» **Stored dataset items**
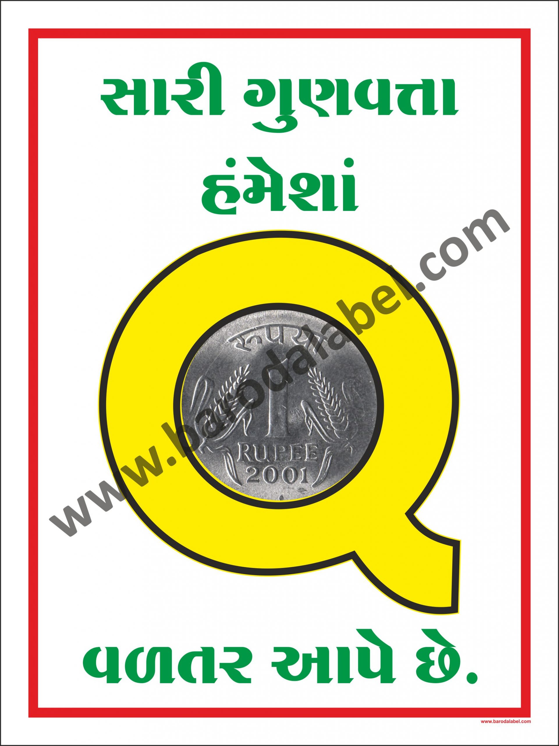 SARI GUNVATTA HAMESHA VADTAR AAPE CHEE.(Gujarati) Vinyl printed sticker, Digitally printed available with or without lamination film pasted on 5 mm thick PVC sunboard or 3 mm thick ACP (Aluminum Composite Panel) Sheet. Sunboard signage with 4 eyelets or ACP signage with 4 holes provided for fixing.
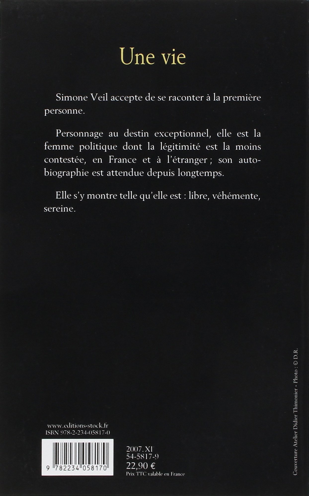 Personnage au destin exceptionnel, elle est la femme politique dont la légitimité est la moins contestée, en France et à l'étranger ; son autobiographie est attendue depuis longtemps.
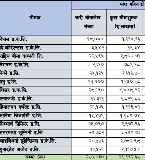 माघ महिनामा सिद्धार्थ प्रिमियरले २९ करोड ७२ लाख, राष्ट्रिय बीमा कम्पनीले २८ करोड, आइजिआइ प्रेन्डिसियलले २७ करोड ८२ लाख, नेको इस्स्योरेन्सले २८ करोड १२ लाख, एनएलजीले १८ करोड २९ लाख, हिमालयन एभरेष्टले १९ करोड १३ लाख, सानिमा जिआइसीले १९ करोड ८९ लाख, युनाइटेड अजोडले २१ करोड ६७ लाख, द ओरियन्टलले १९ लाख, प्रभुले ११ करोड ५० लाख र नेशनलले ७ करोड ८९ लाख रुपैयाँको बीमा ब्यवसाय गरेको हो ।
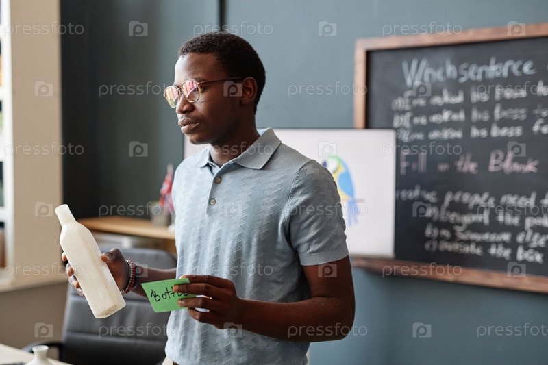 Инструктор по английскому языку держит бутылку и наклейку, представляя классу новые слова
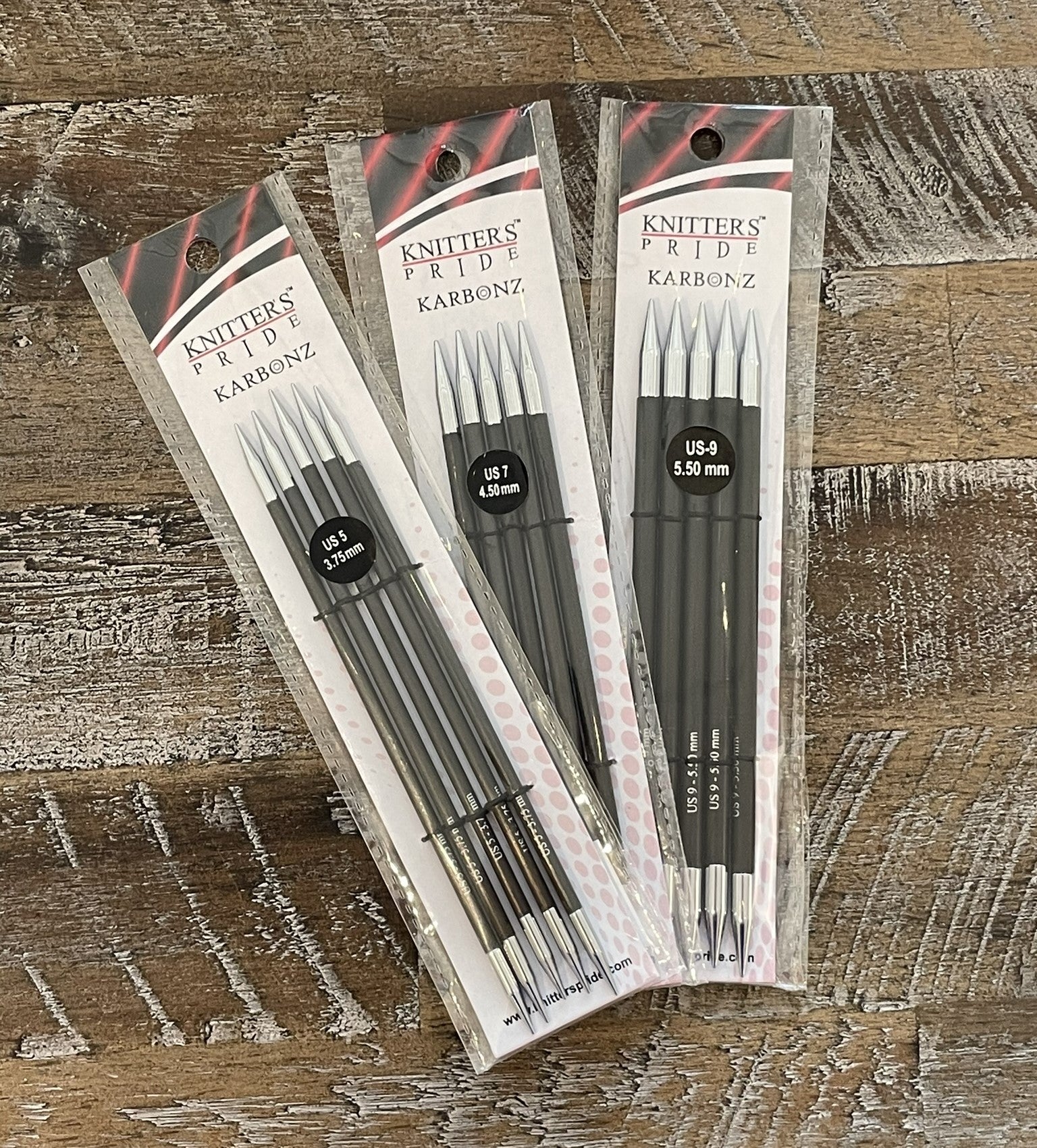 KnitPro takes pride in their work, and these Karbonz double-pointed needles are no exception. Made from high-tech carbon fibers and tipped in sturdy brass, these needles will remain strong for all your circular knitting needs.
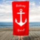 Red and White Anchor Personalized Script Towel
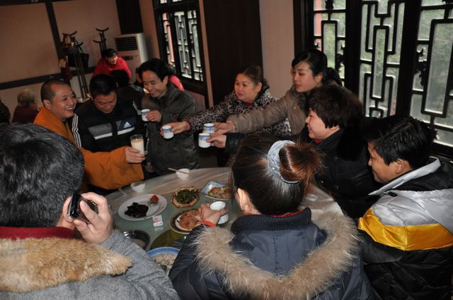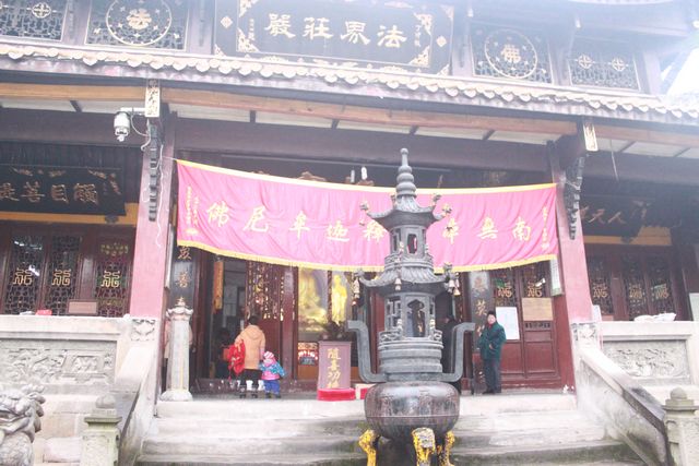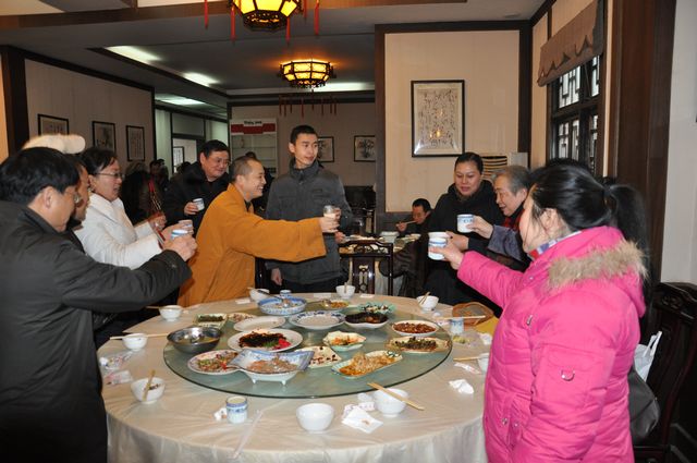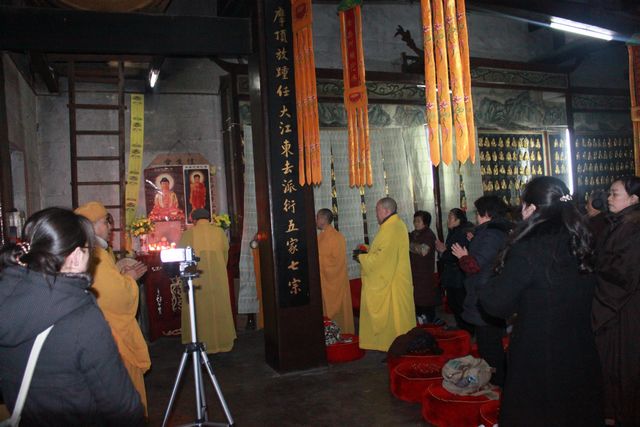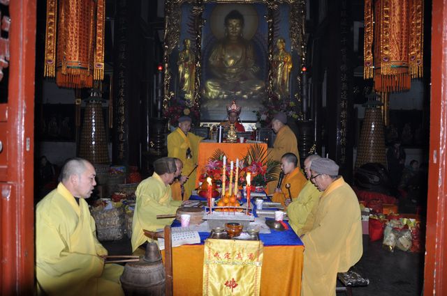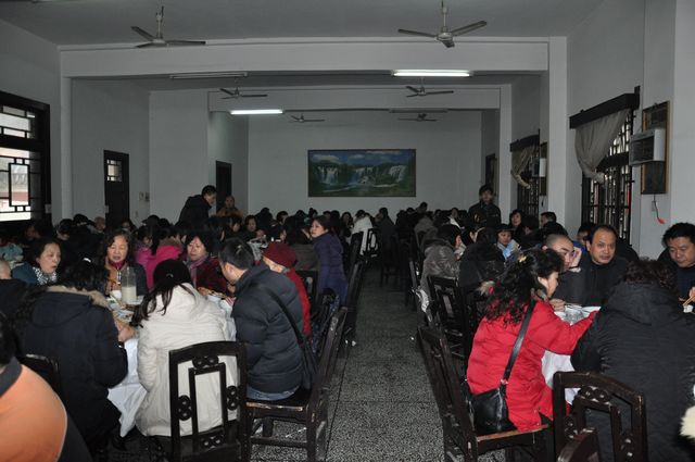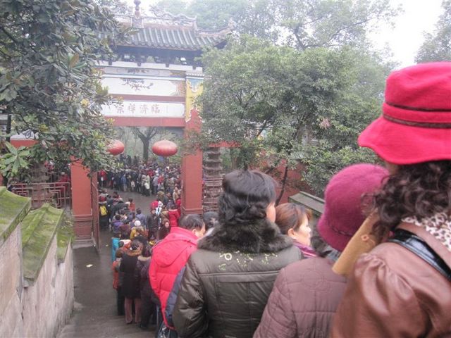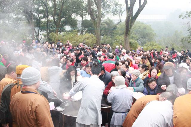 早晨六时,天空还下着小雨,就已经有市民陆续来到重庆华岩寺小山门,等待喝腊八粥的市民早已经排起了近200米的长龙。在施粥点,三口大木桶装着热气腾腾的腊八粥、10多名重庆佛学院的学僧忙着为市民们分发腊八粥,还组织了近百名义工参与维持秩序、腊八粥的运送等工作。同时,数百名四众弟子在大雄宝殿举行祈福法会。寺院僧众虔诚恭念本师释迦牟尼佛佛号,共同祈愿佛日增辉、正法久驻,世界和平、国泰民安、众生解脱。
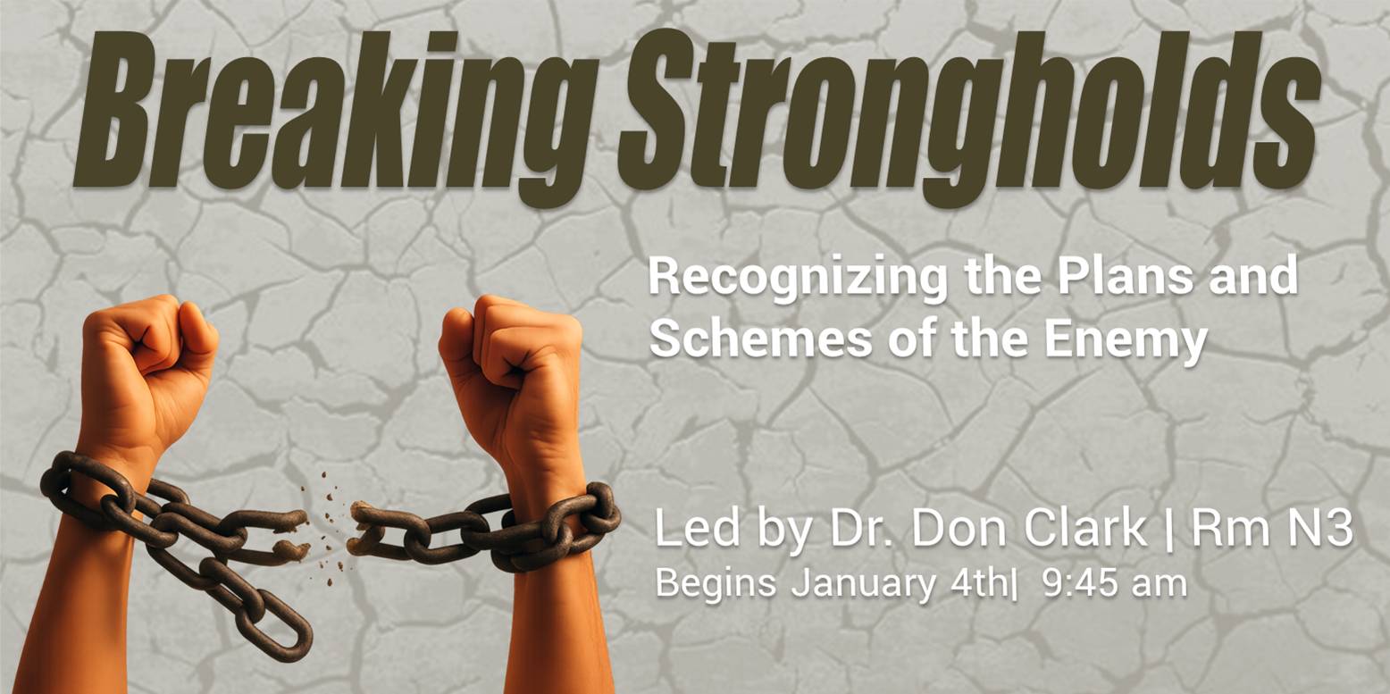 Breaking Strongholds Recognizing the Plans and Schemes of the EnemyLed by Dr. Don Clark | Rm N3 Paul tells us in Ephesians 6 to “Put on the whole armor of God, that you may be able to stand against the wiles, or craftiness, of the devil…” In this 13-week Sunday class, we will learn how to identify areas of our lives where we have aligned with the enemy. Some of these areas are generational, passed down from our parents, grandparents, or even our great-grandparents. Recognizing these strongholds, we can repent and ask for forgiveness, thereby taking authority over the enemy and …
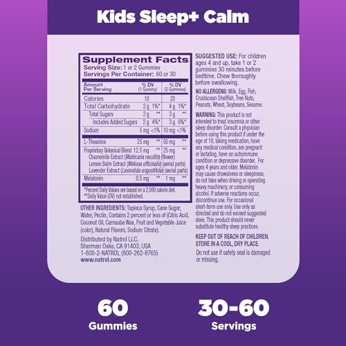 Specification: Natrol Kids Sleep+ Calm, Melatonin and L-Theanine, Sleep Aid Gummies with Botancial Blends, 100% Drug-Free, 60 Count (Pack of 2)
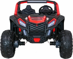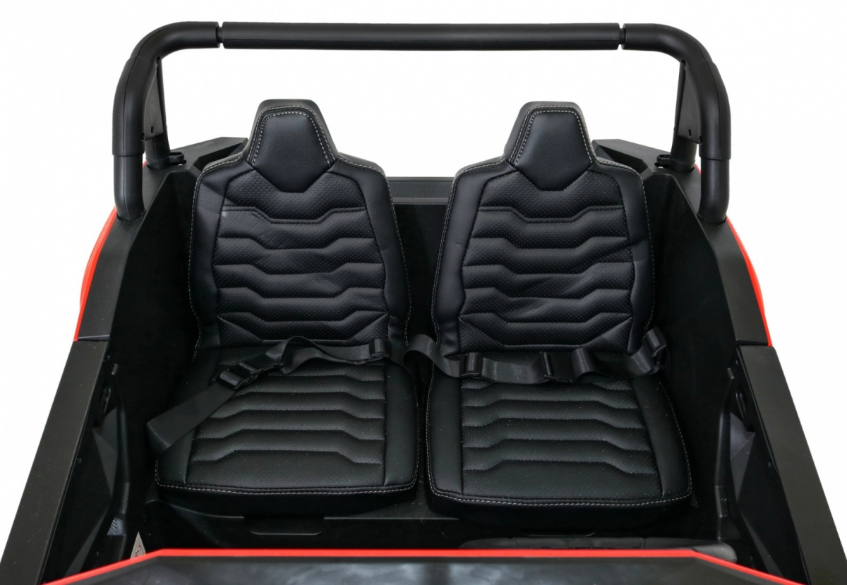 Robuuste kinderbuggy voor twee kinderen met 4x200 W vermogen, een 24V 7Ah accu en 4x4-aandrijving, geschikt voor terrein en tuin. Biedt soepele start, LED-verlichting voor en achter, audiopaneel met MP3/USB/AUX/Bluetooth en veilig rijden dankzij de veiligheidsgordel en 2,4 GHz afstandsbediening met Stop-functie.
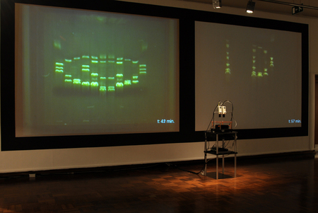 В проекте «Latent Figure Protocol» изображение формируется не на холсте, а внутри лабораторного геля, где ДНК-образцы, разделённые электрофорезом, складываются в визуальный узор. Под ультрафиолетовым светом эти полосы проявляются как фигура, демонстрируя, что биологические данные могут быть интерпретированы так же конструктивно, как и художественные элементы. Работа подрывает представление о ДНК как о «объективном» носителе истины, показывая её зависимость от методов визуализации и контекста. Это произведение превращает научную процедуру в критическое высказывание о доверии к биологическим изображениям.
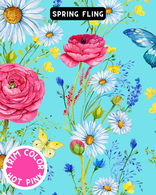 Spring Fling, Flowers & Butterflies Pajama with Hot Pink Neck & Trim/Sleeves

» **WHAT TO PRODUCE**
Write out exactly the lines between the start of the data and the line with "Red and White", including both, but none of the pictures.

» **SOLUTION TO THE EXERCISE**
 SARI GUNVATTA HAMESHA VADTAR AAPE CHEE.(Gujarati) Vinyl printed sticker, Digitally printed available with or without lamination film pasted on 5 mm thick PVC sunboard or 3 mm thick ACP (Aluminum Composite Panel) Sheet. Sunboard signage with 4 eyelets or ACP signage with 4 holes provided for fixing.
 Personnage au destin exceptionnel, elle est la femme politique dont la légitimité est la moins contestée, en France et à l'étranger ; son autobiographie est attendue depuis longtemps.
 माघ महिनामा सिद्धार्थ प्रिमियरले २९ करोड ७२ लाख, राष्ट्रिय बीमा कम्पनीले २८ करोड, आइजिआइ प्रेन्डिसियलले २७ करोड ८२ लाख, नेको इस्स्योरेन्सले २८ करोड १२ लाख, एनएलजीले १८ करोड २९ लाख, हिमालयन एभरेष्टले १९ करोड १३ लाख, सानिमा जिआइसीले १९ करोड ८९ लाख, युनाइटेड अजोडले २१ करोड ६७ लाख, द ओरियन्टलले १९ लाख, प्रभुले ११ करोड ५० लाख र नेशनलले ७ करोड ८९ लाख रुपैयाँको बीमा ब्यवसाय गरेको हो ।
 Инструктор по английскому языку держит бутылку и наклейку, представляя классу новые слова
 KnitPro takes pride in their work, and these Karbonz double-pointed needles are no exception. Made from high-tech carbon fibers and tipped in sturdy brass, these needles will remain strong for all your circular knitting needs.
 Red and White Anchor Personalized Script Towel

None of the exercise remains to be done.